EXERCISE DATA: Begin

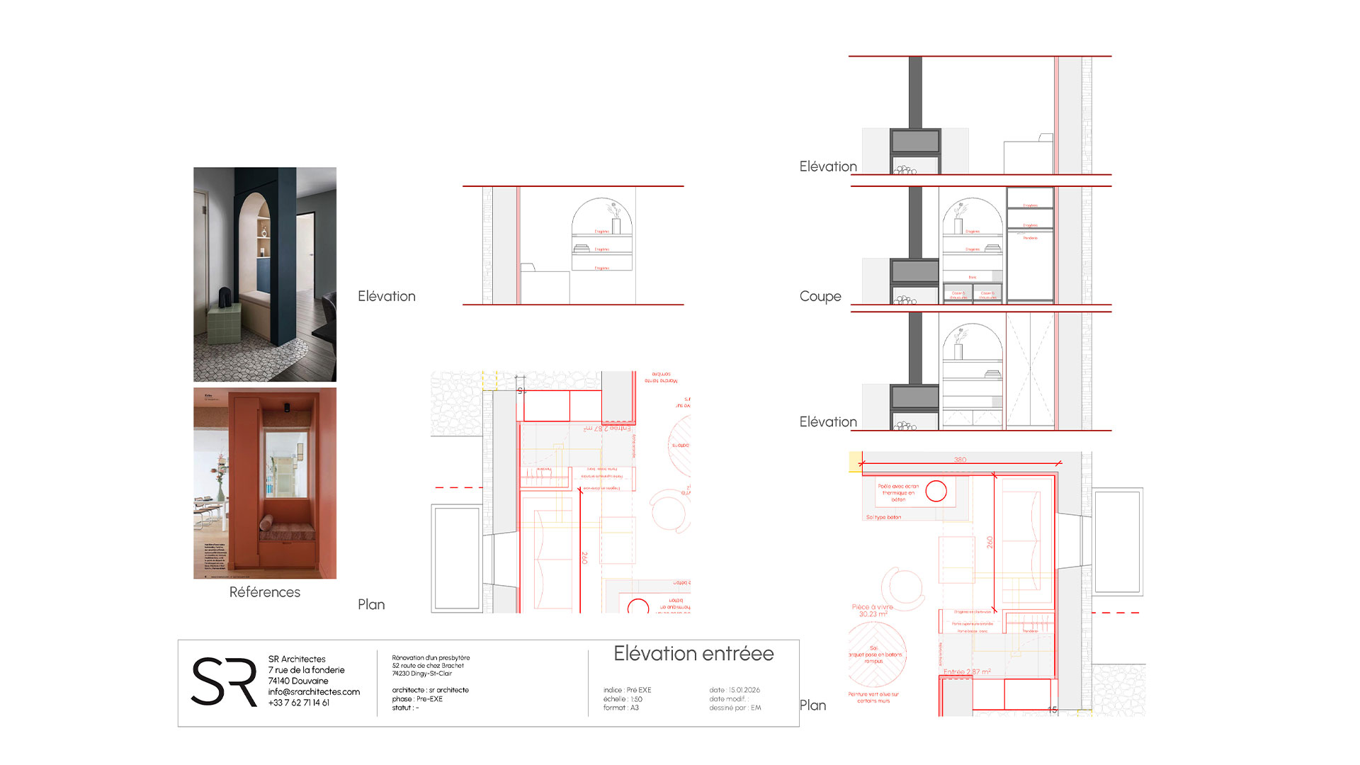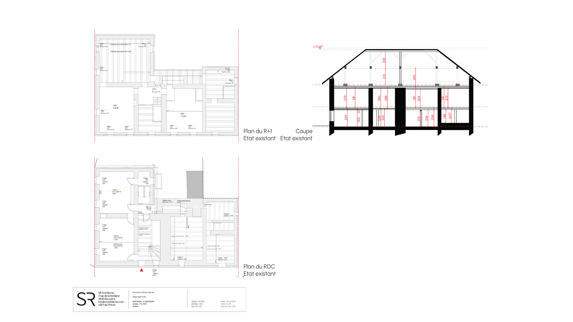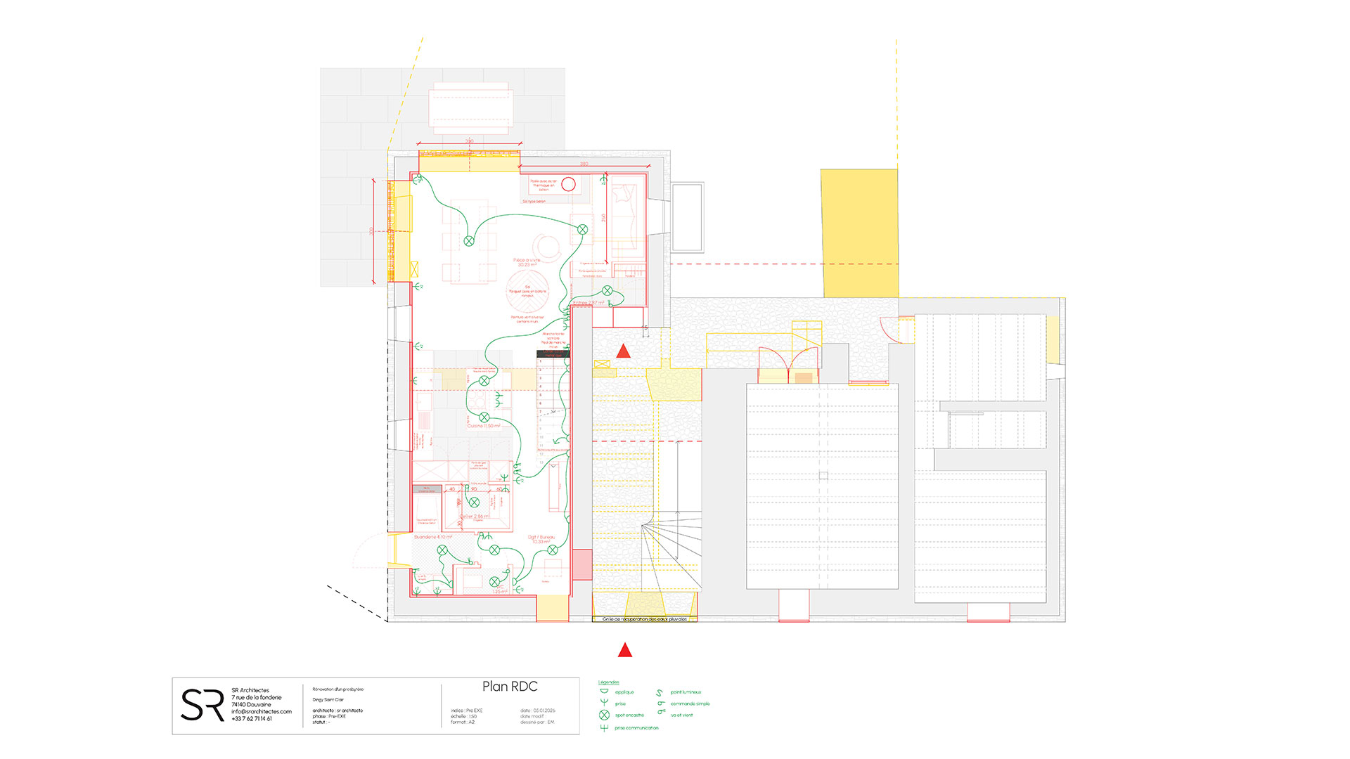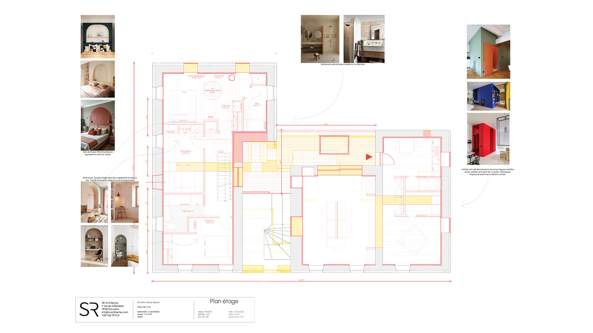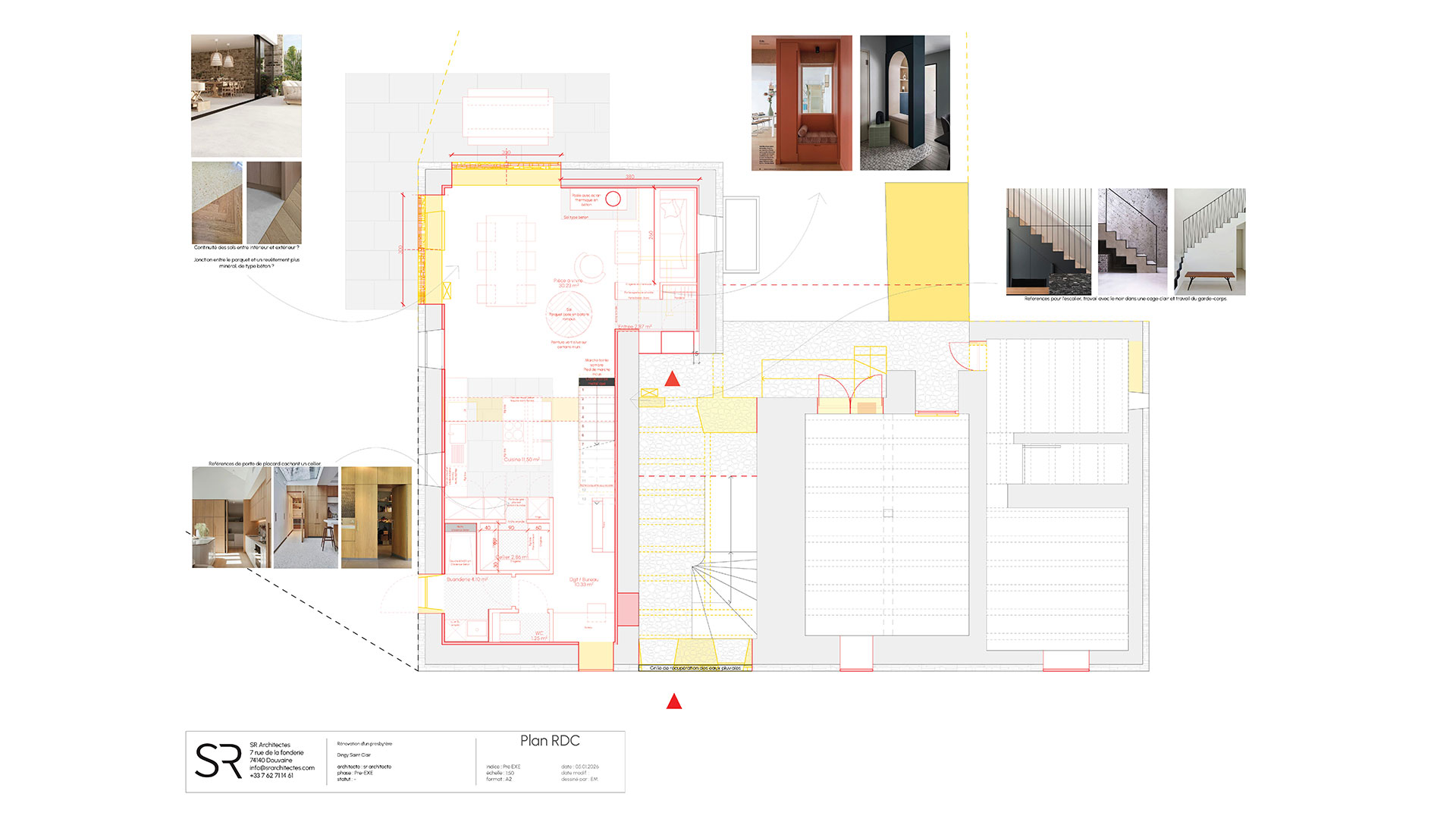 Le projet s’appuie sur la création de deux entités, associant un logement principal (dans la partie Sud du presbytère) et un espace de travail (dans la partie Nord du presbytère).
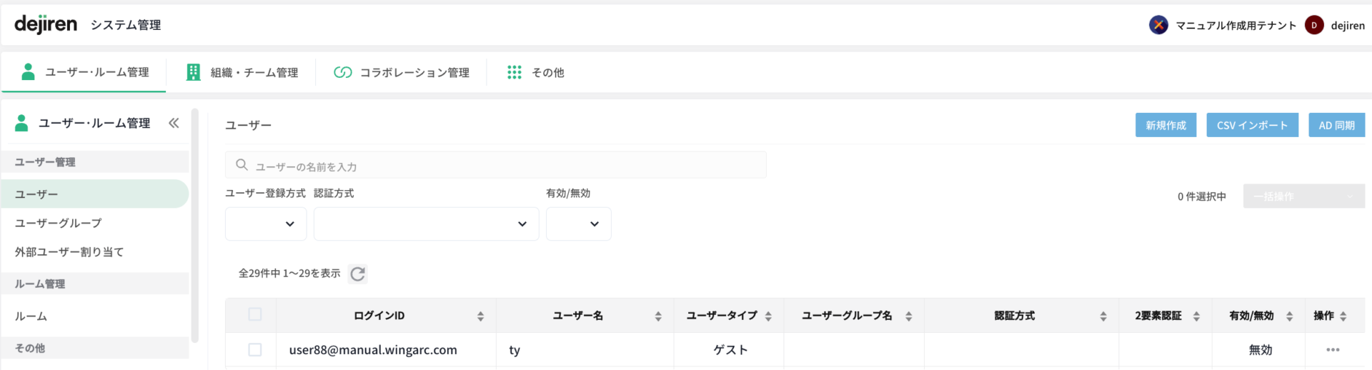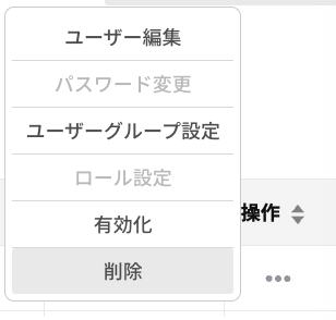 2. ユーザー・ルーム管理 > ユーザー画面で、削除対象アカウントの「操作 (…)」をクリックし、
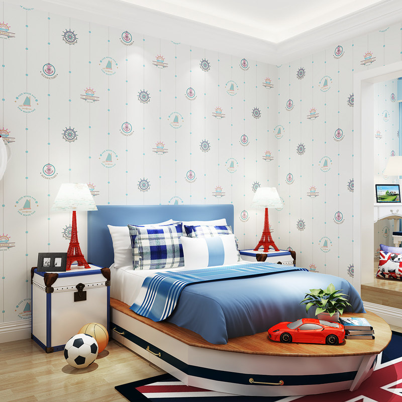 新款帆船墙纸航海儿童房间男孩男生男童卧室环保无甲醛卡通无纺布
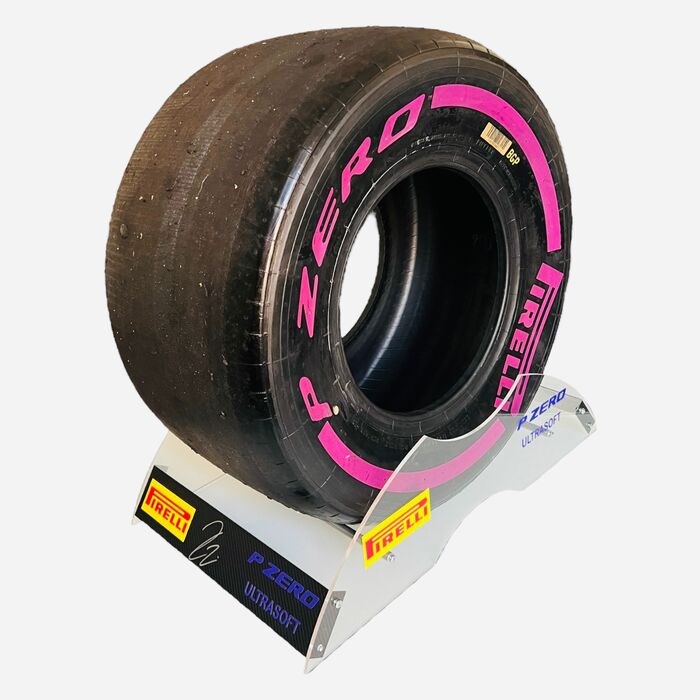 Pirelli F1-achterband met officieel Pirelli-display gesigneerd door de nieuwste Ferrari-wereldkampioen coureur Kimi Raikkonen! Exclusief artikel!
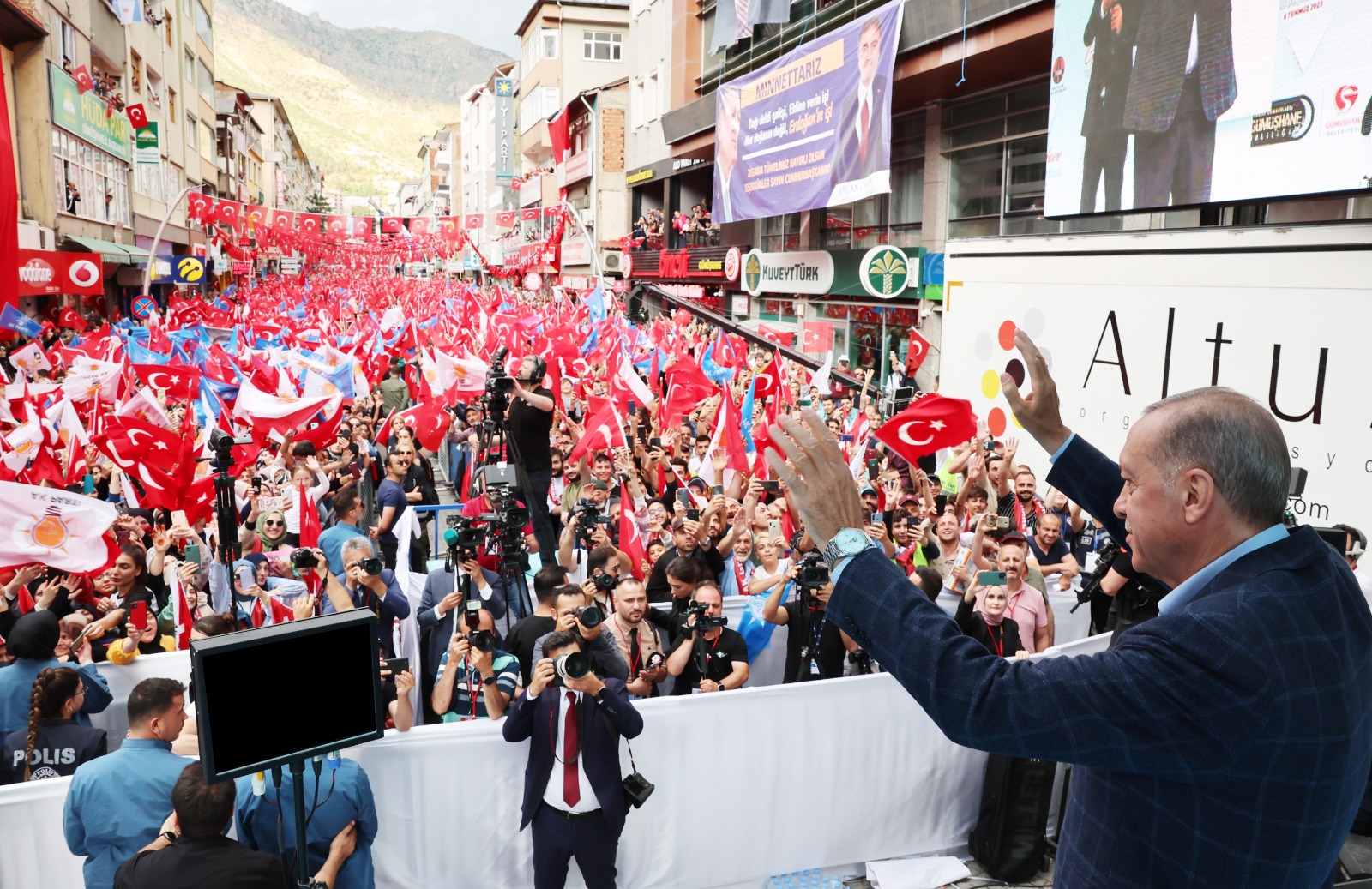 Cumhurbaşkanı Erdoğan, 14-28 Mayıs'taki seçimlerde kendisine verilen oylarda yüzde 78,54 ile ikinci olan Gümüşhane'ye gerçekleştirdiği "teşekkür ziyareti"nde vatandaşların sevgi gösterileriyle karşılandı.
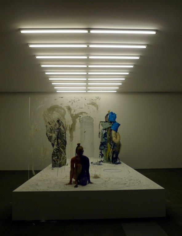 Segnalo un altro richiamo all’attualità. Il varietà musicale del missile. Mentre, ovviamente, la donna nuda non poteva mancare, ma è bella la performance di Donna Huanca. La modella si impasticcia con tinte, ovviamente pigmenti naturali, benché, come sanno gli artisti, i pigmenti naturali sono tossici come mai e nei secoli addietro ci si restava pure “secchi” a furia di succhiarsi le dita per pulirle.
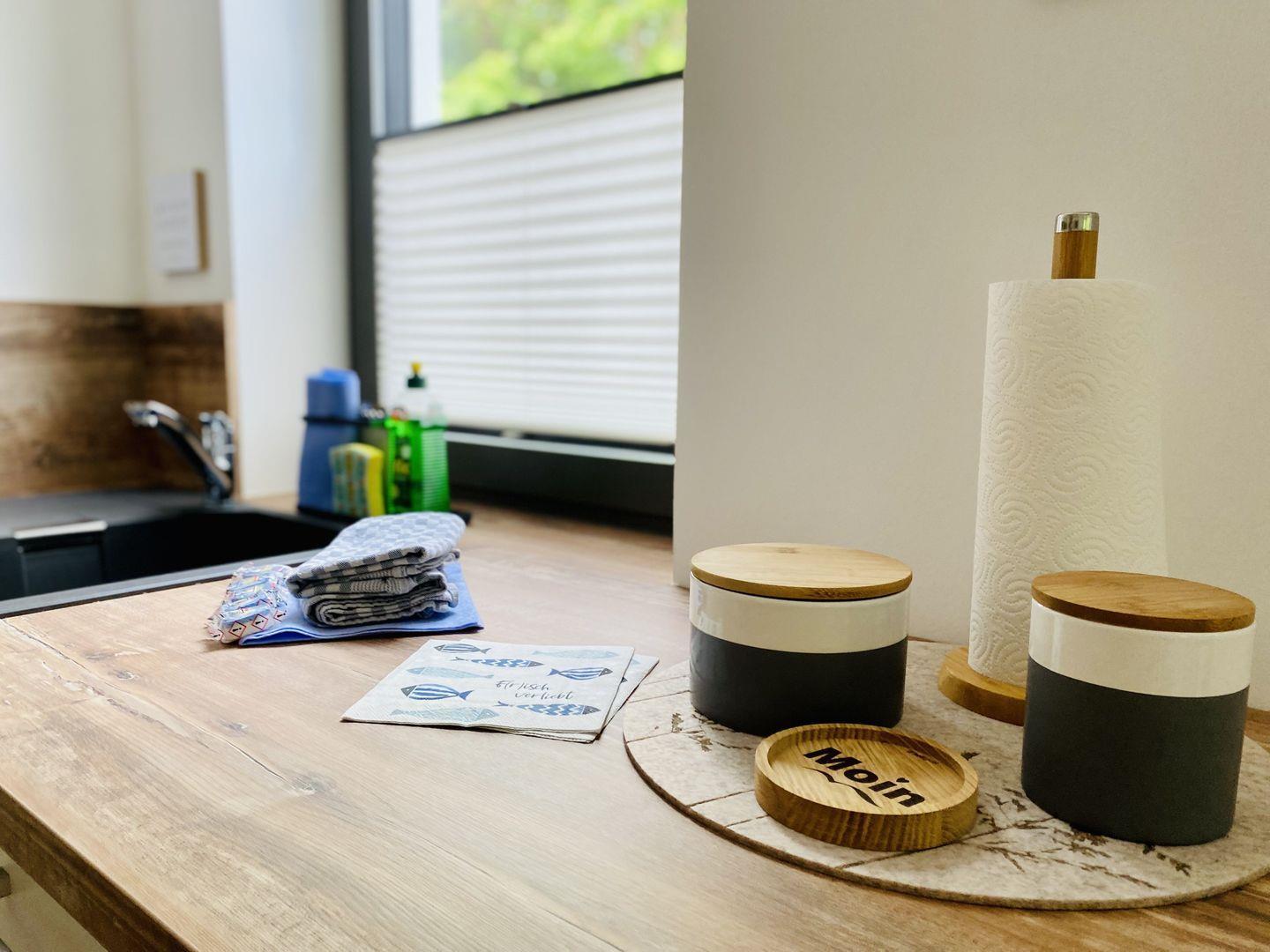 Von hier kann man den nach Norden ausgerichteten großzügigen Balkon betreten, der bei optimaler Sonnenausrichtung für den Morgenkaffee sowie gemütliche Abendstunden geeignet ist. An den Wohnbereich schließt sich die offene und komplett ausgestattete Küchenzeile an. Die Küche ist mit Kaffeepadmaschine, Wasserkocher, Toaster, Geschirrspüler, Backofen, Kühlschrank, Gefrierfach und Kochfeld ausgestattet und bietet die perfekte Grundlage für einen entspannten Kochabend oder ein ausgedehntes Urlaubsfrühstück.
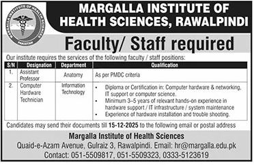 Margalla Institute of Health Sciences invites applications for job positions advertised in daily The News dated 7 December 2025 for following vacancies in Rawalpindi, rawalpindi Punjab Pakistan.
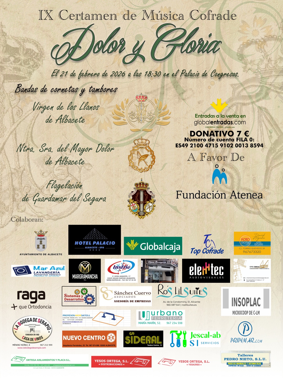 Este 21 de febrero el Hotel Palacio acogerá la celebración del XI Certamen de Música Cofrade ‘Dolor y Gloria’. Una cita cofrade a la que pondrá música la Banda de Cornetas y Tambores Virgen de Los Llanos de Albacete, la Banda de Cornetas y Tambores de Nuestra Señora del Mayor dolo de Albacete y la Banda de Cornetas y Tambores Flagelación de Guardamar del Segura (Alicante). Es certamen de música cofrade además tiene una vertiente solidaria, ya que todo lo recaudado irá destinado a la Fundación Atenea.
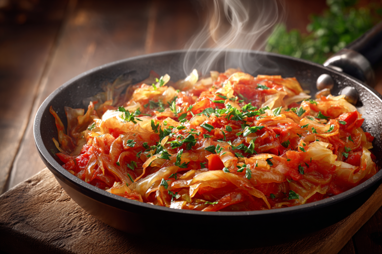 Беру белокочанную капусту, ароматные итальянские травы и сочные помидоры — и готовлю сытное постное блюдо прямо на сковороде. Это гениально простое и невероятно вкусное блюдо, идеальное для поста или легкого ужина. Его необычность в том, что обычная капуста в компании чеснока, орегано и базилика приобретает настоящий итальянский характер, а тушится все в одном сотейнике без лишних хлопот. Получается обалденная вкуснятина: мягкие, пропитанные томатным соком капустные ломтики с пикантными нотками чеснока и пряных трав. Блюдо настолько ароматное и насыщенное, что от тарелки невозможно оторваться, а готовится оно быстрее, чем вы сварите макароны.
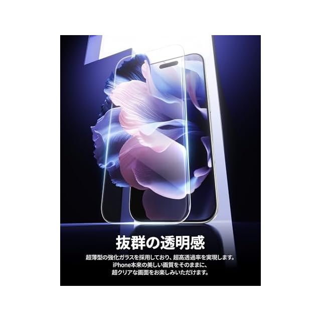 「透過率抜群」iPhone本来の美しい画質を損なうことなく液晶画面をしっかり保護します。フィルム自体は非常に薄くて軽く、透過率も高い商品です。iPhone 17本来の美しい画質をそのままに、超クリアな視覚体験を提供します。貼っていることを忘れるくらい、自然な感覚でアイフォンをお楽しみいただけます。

EXERCISE DATA: End

TASK ITEM:
In the listing above, find the line with "Von hier kann" and the line with "Margalla Institute of". Set down exactly those lines and everything between them, skipping pictures.

REPLY TO THE EXERCISE:
 Von hier kann man den nach Norden ausgerichteten großzügigen Balkon betreten, der bei optimaler Sonnenausrichtung für den Morgenkaffee sowie gemütliche Abendstunden geeignet ist. An den Wohnbereich schließt sich die offene und komplett ausgestattete Küchenzeile an. Die Küche ist mit Kaffeepadmaschine, Wasserkocher, Toaster, Geschirrspüler, Backofen, Kühlschrank, Gefrierfach und Kochfeld ausgestattet und bietet die perfekte Grundlage für einen entspannten Kochabend oder ein ausgedehntes Urlaubsfrühstück.
 Margalla Institute of Health Sciences invites applications for job positions advertised in daily The News dated 7 December 2025 for following vacancies in Rawalpindi, rawalpindi Punjab Pakistan.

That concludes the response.